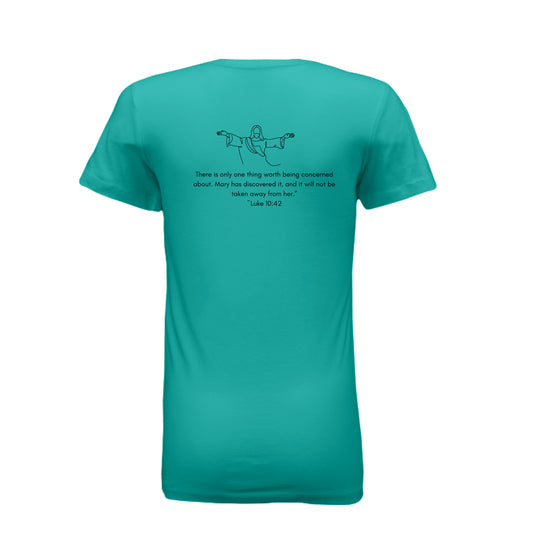 "Less Martha, More Mary" with verse on back Luke 10:41 t shirt tee
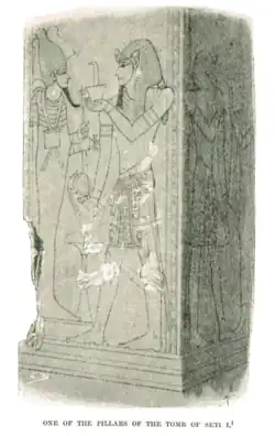 His son and successor, Seti I's tomb KV17 (also known as Belzoni's tomb, the tomb of Apis, or the tomb of Psammis, son of Necho), is usually regarded as the finest tomb in the valley. It has extensive relief work and paintings. When it was rediscovered by Belzoni in 1817, he referred to it as "a fortunate day."[83]
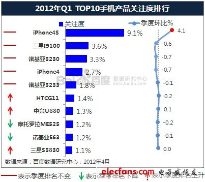 iPhone4S继续领跑产品关注度排行并拉大其优势
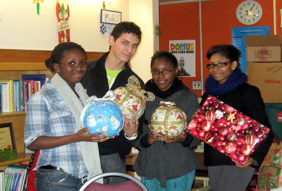2) Work a 2-hour shift at the 'Domus Holiday Mall' on December 17, 2016. This shopping experience is set up for the parents of children in Domus' care. Volunteers help keep the gift tables and clothing sections organized, wrap gifts, schlep gifts and keep the cafe stocked and tidy. You can also offer to bring clothing store shopping bags, wrapping paper and ribbon, or baked goods for the cafe. Festive music and holiday cheer provided!
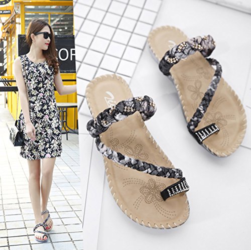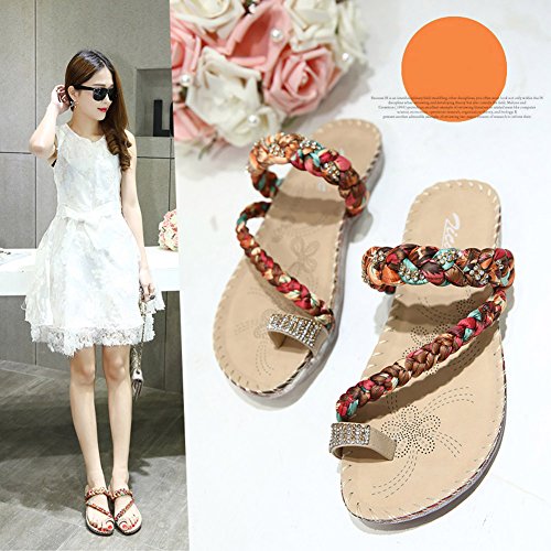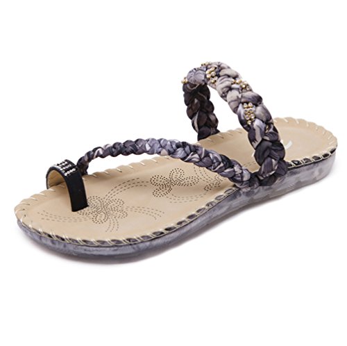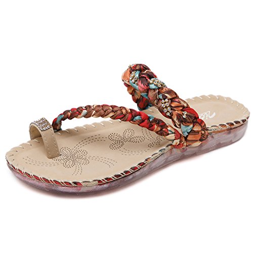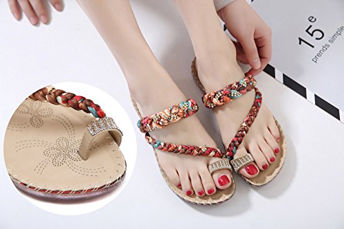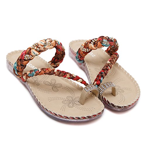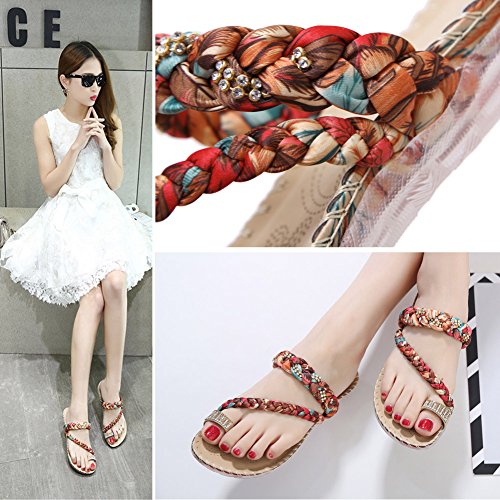 Binding : Apparel Product Description Outer Material: Rubber Inner Material: microfiber Heel Type: Flats Heel height: about 2cm (0.8") Platform: about 1.5 cm (0.6") Design: soft padded comfortable sole, glittering decorative rhinestone beads, delicate woven ankle straps Perfect for summer holiday vacation. Size: 37,38,39,40,41,42 (Asia) 37:US5 foot length: 231-235mm 38:US6 foot length: 236-240mm 39:US7 foot length: 241-245mm 40:US8 foot length: 246-250mm 41:US9 foot length: 251-255mm 42:US10 foot length: 256-260mm Package: 1x Sandals 0 |
━━━━━━━━━━━━━━━━━━━━━━━━━━━━━━
(Requirement) Return all the entries word for word, but omit any pictures they contain.

(Answer for the task)
 "Less Martha, More Mary" with verse on back Luke 10:41 t shirt tee
 His son and successor, Seti I's tomb KV17 (also known as Belzoni's tomb, the tomb of Apis, or the tomb of Psammis, son of Necho), is usually regarded as the finest tomb in the valley. It has extensive relief work and paintings. When it was rediscovered by Belzoni in 1817, he referred to it as "a fortunate day."[83]
 iPhone4S继续领跑产品关注度排行并拉大其优势
2) Work a 2-hour shift at the 'Domus Holiday Mall' on December 17, 2016. This shopping experience is set up for the parents of children in Domus' care. Volunteers help keep the gift tables and clothing sections organized, wrap gifts, schlep gifts and keep the cafe stocked and tidy. You can also offer to bring clothing store shopping bags, wrapping paper and ribbon, or baked goods for the cafe. Festive music and holiday cheer provided!
 Binding : Apparel Product Description Outer Material: Rubber Inner Material: microfiber Heel Type: Flats Heel height: about 2cm (0.8") Platform: about 1.5 cm (0.6") Design: soft padded comfortable sole, glittering decorative rhinestone beads, delicate woven ankle straps Perfect for summer holiday vacation. Size: 37,38,39,40,41,42 (Asia) 37:US5 foot length: 231-235mm 38:US6 foot length: 236-240mm 39:US7 foot length: 241-245mm 40:US8 foot length: 246-250mm 41:US9 foot length: 251-255mm 42:US10 foot length: 256-260mm Package: 1x Sandals 0 |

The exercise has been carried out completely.